Beware election promises that require others to be more accountable, because that is political speak for more testing, and it continues to shift the focus from failed education policies.

Let’s do an audit

I believe we need to do an independent audit of the success of intended consequences, as well as the unintended consequences of past policy regimes. This is the sort of valuable data we should be collecting. Is there a political party with the courage to undertake such an audit? Tragically, without such a reckoning, I fear that one of our great public institutions, public schooling, will remain in unsafe hands.

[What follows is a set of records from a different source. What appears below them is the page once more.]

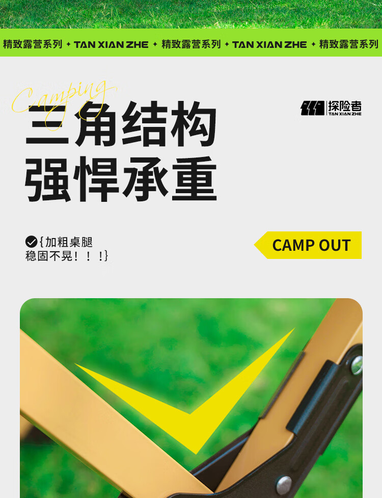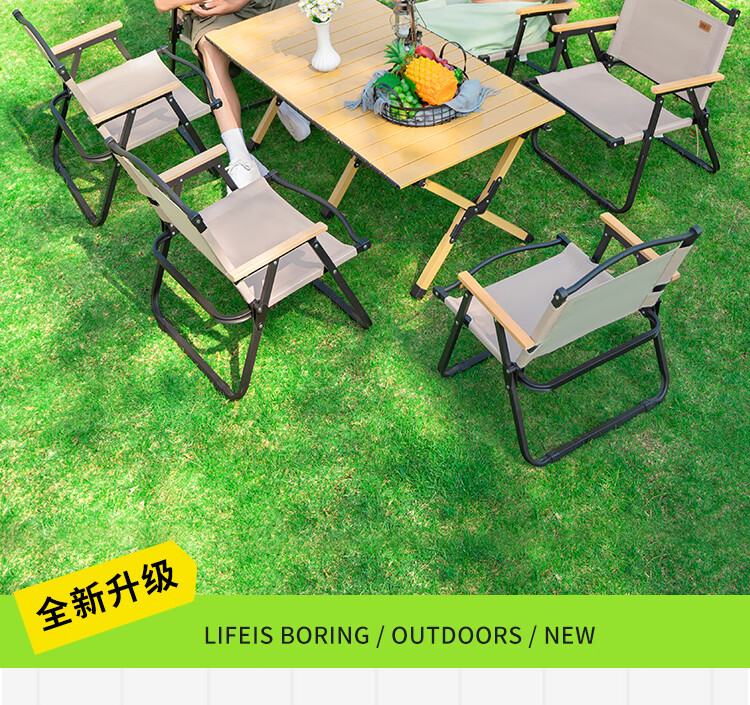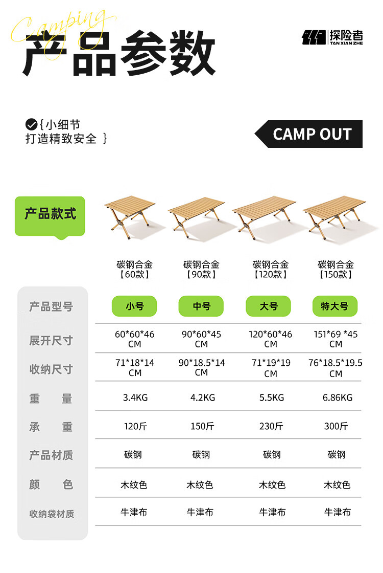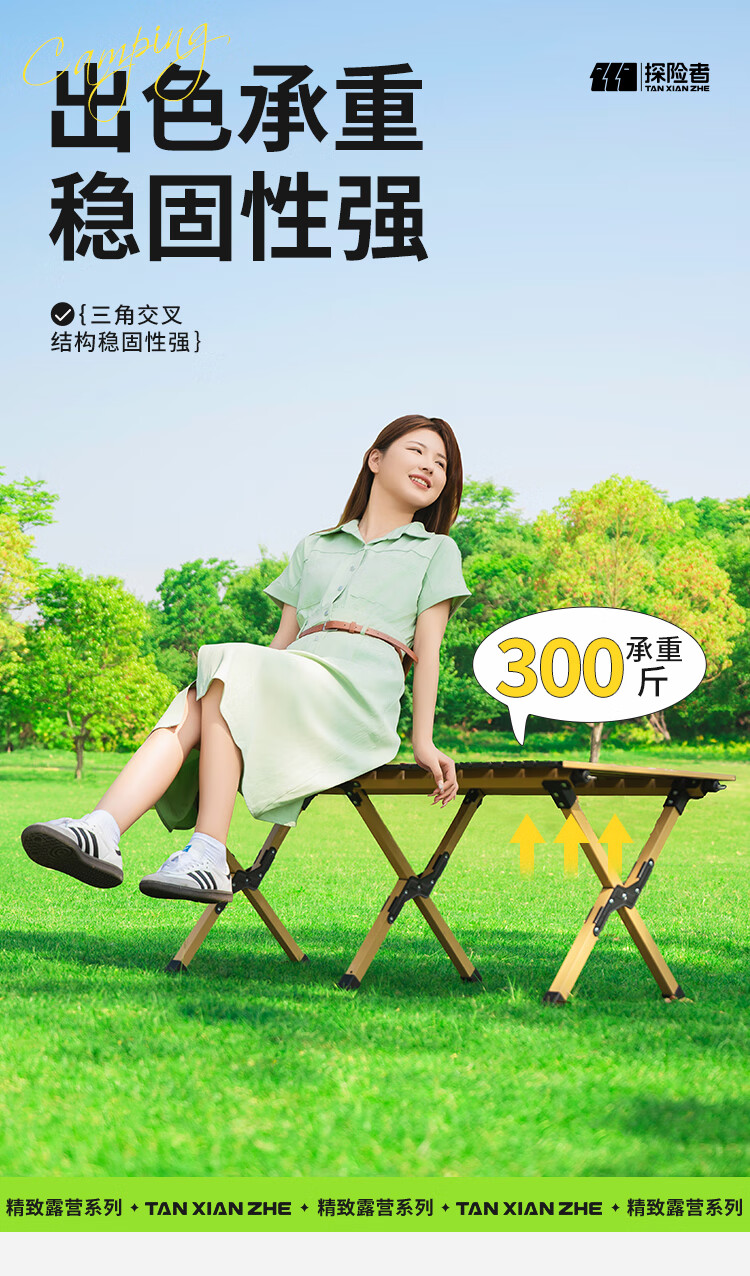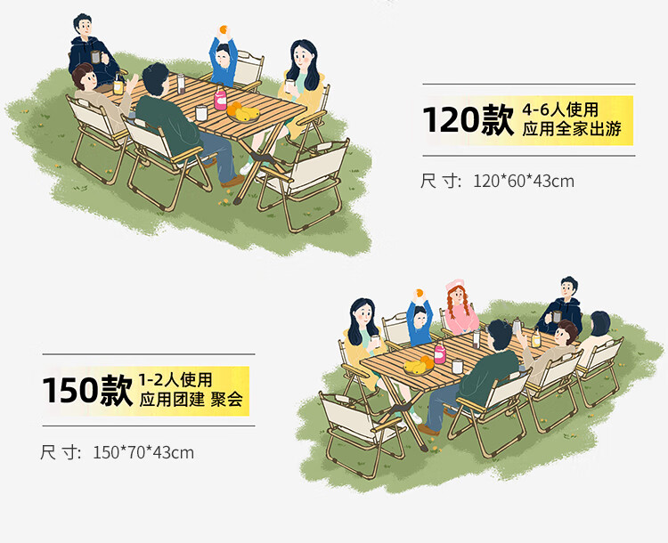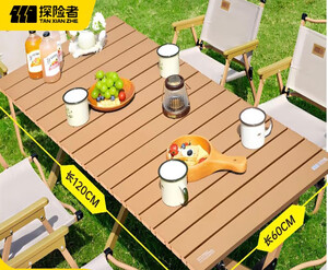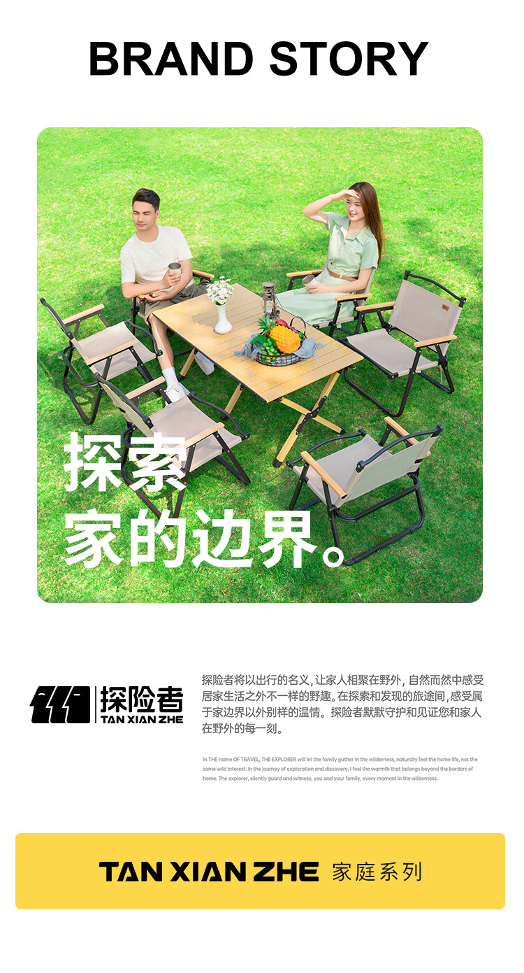 探险者户外桌椅蛋卷桌露营折叠桌椅全套便携月亮椅野餐一桌四椅户外套装 3-8人加长款--150CM胡桃蛋卷桌(送收纳包)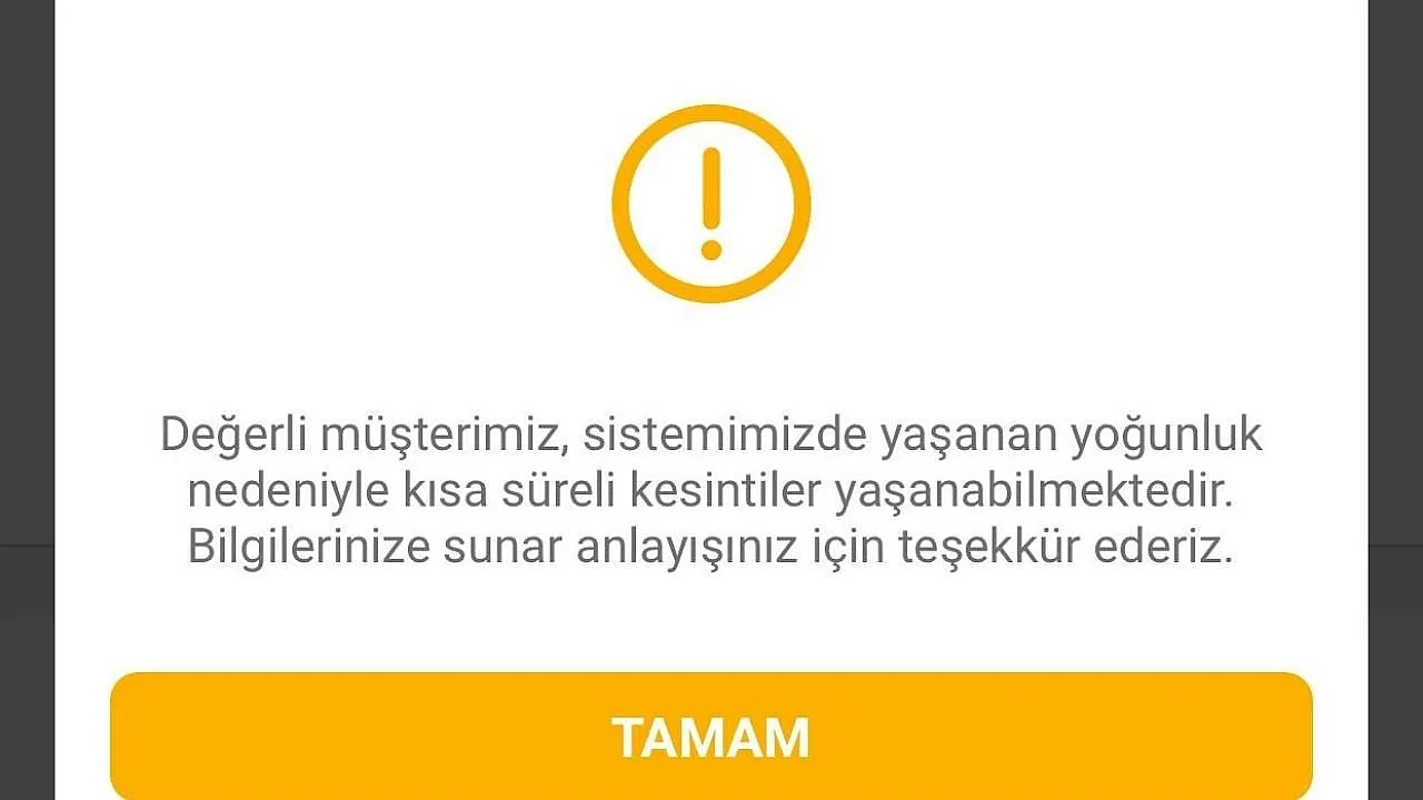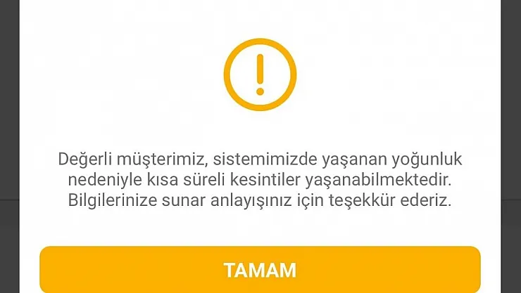 "Değerli müşterimiz, sistemimizde yaşanan yoğunluk nedeniyle kısa süreli kesintiler yaşanabilmektedir. Bilgilerinize sunar anlayışınız için teşekkür ederiz."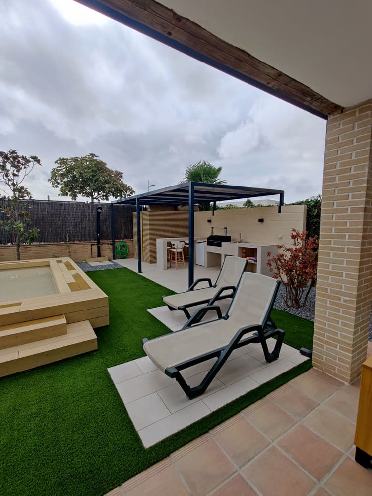 El pasillo del jardín, que conectaba la entrada con la parte trasera, era un espacio sin uso. Decidimos utilizar este espacio como uno de los mas importantes en el diseño, ya que por orientación, era una zona ideal para una zona estancial del jardín. Creamos una zona solada amplia con una barbacoa de obra con chimenea, un parrillero uruguayo y un bando de obra con colchonetas a medida que sirve de apoyo a la zona de comedor. Todo ello bajo una pérgola vegetada con una especie caduca para dar sombra en verano y dejar pasar los rayos de Sol en invierno.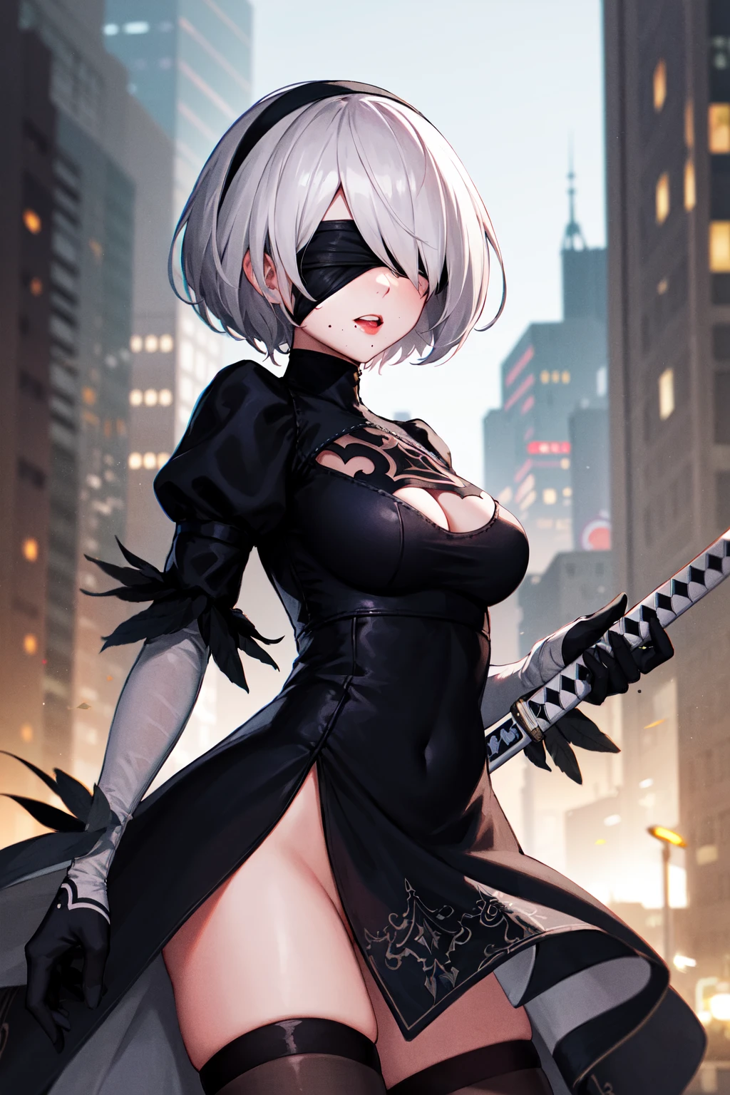 outfit B (blindfold, leotard)hm2b, black blindfold, covered eyes, mole under mouth, clothing cutout, long sleeves, puffy sleeves, juliet sleeves, feather trim, black thighhighs, black gloves, covered navel, (white leotard:1.2)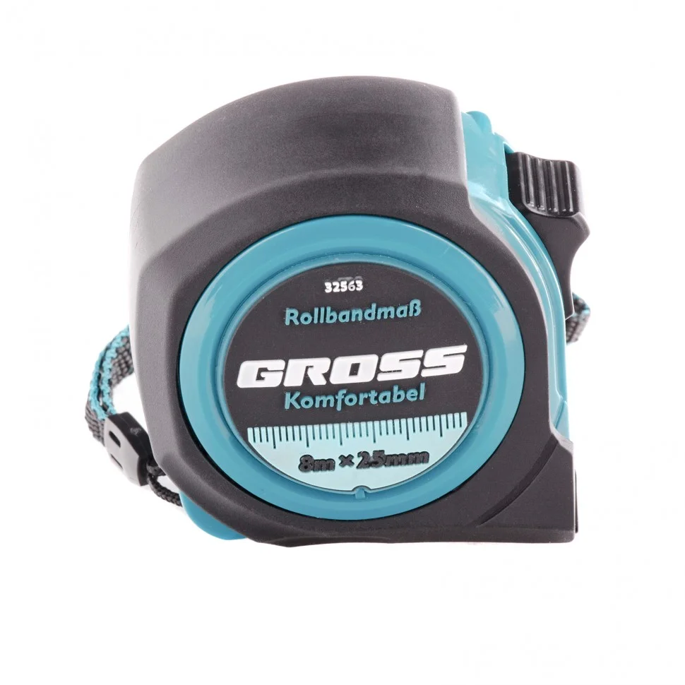 Рулетка Gross «Komfortabel» 32563 в обрезиненном корпусе с лентой 8 м х 25 мм — это удобный карманный инструмент, необходимый при проведении ремонтных и строительных работ. С ее помощью можно провести линейные измерения ровных поверхностей, различных заготовок, материалов, конструкций и т.д.ПреимуществаЗащита от ударного воздействия — корпус рулетки имеет обрезиненный чехол.Высокая точность измерений — благодаря подвижному зацепу компенсируется погрешность от его толщины.Легкое считывание результатов — измерительная шкала с матовым антибликовым покрытием нанесена крупными цифрами.Ремешок и прижимная клипса — рулетку можно зафиксировать на запястье или на ремне для комфортной работы и транспортировки.

But I hope we will do something before our education chiefs start publicly blaming our testing regime, or the economic damage of how we are schooling our children becomes so obvious we have to act.

And educators like me keep saying it but I’ll say it yet again: education policies should be informed by the experiences of students, teachers and school leaders, the expertise of education researchers, and especially the hopes of our young Australians.

 

 

Deb Hayes is Professor of Education and Equity, Sydney School of Education and Social Work, University of Sydney. Commencing 2019, she will be the School’s new Head. She has just returned from a stint as Hallsworth Visiting Fellow at the University of Manchester, where she is working with Professor Ruth Lupton on a new book titled Great Education Policy Mistakes, to be published by Policy Press.

 

This week Deb begins a two-year term as President of the Australian Association for Research in Education, which is currently holding its annual conference 2018 AARE in Sydney. All the Australian researchers cited in this article are members of the Association.